Acoustic Cloaking of Spherical Objects Using Thin Elastic Coatings

Monday, April 30, 2012 12:00 p.m. ETC 5.132

Matthew D. Guild
Department of Mechanical Engineering
The University of Texas at Austin
Austin, Texas

For many years, the concept of cloaking has been a prevalent theme in science fiction and popular culture, from Start Trek to Harry Potter. It has not been until more recently that the topic of cloaking has received serious attention from the scientific community. This research has been driven by theoretical works describing how waves can be bent around an object, or alternatively, by applying a coating to the object which effectively cancels the scattered field. In this work, a detailed description of acoustic cloaking is put forth using a coating consisting of discrete layers, enabling the cancellation of the scattered field around the object. This particular approach has previously only been applied to electromagnetic waves, for which it was observed that cloaking could be achieved over a finite bandwidth using isotropic materials. An investigation is presented of the physical parameters necessary for, and the feasibility of, designing an acoustic cloak using a scattering cancellation approach for an elastic sphere using fluid and elastic layers. This work includes a detailed analysis of the different physical phenomena, including resonant and non-resonant mechanisms, that can be used to achieve scattering cancellation for a range of frequencies of interest, and which can be applied to a wide range of scattering configurations for which cloaking would be desirable. In addition to laying out a broad theoretical foundation, the use of limiting cases and practical examples demonstrates the effectiveness and feasibility of such an approach to achieve acoustic cloaking of a spherical object.

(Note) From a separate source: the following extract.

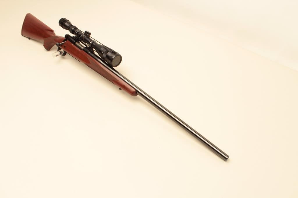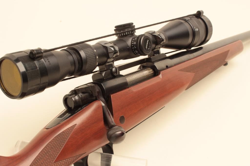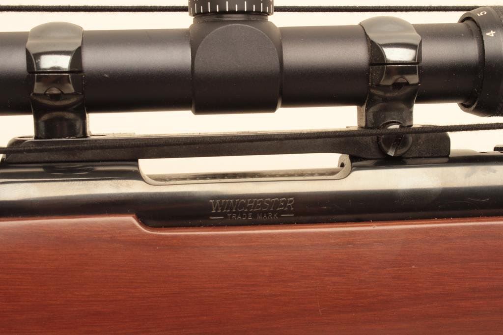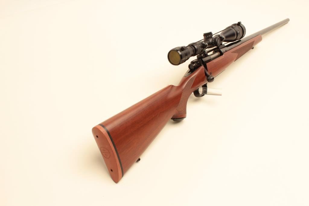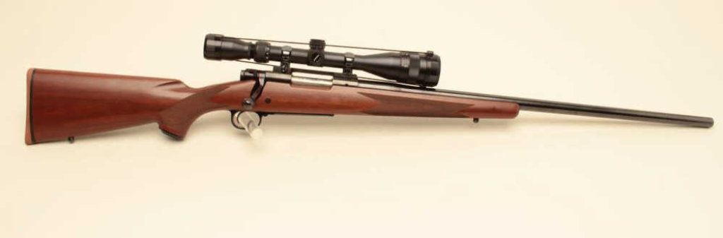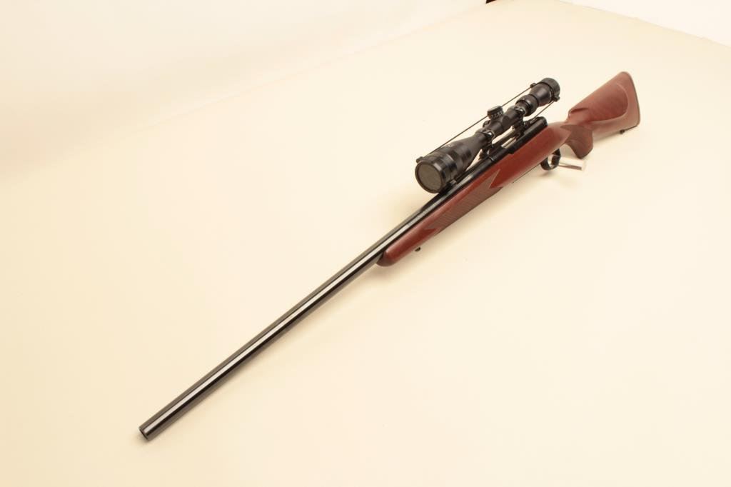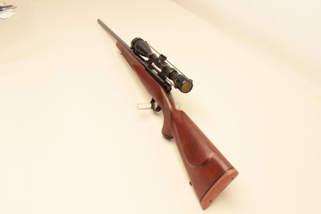 Serial #G1996186. The rifle is in very good overall condition with a 26” heavy barrel. The barrel and receiver retain the majority of their blued finish with light wear from carry and use. The checkered wood stock is in very good condition with small mars and compressions consistent with field use. The butt stock ends with a red rubber Winchester marked butt pad. The rifle is topped one-piece Redfield scope mount and a Tasco 4 x 12 x 40 variable power scope. The bore is very good, the action crisp and markings are sharp. Est.: $400-$800. (Modern).

Laboratory Measurements of Sound Speed and Attenuation of Water-Saturated Granular Sediments

Tuesday, May 1, 2012 11:00 a.m. ETC 4.120

Theodore F. Argo IV
Department of Mechanical Engineering
The University of Texas at Austin
Austin, Texas

The propagation of acoustic waves through water-saturated granular sediments has been widely studied, yet existing propagation models cannot adequately predict the speed and attenuation of sound across the range of frequencies of interest in underwater acoustics, especially in loosely packed sediments that have been recently disturbed by storms or wave action.  Advances in modeling are currently dependent on experimental validation of various components of existing models.  To begin to address these deficiencies, three well-controlled laboratory experiments were performed in gravity-settled glass beads and reconstituted sand sediments.  To investigate sound speed and attenuation in the 0.5 kHz to 10 kHz range, a resonator method was used to study reconstituted sand sediment.  In the 200 kHz to 900 kHz range, a time-of-flight technique was used to determine the speed of sound and attenuation in monodisperse water-saturated glass beads, binary glass bead mixtures, and reconstituted sediment samples to investigate the effect of sediment inhomogeneity.  A fluidized bed technique was used to vary the porosity of monodisperse glass bead samples from 0.37 to 0.43 independent of changes in other sediment physical properties and a Fourier phase technique was used to determine the speed and attenuation of sound. In aggregate, measured sound speeds showed positive dispersion below 50 kHz while negative dispersion was observed above 200 kHz for some samples.  Attenuation measurements showed an approximately f0.5 dependence in the low frequency regime and an approximately f3.5 dependence for large-grained samples in the high frequency regime.  The laboratory experiments presented in this work demonstrate that both sound speed and attenuation in idealized loosely packed water-saturated sediments cannot be simultaneously predicted by existing models within the uncertainties of the model input parameters, but the independent effect of porosity on sound speed can be predicted.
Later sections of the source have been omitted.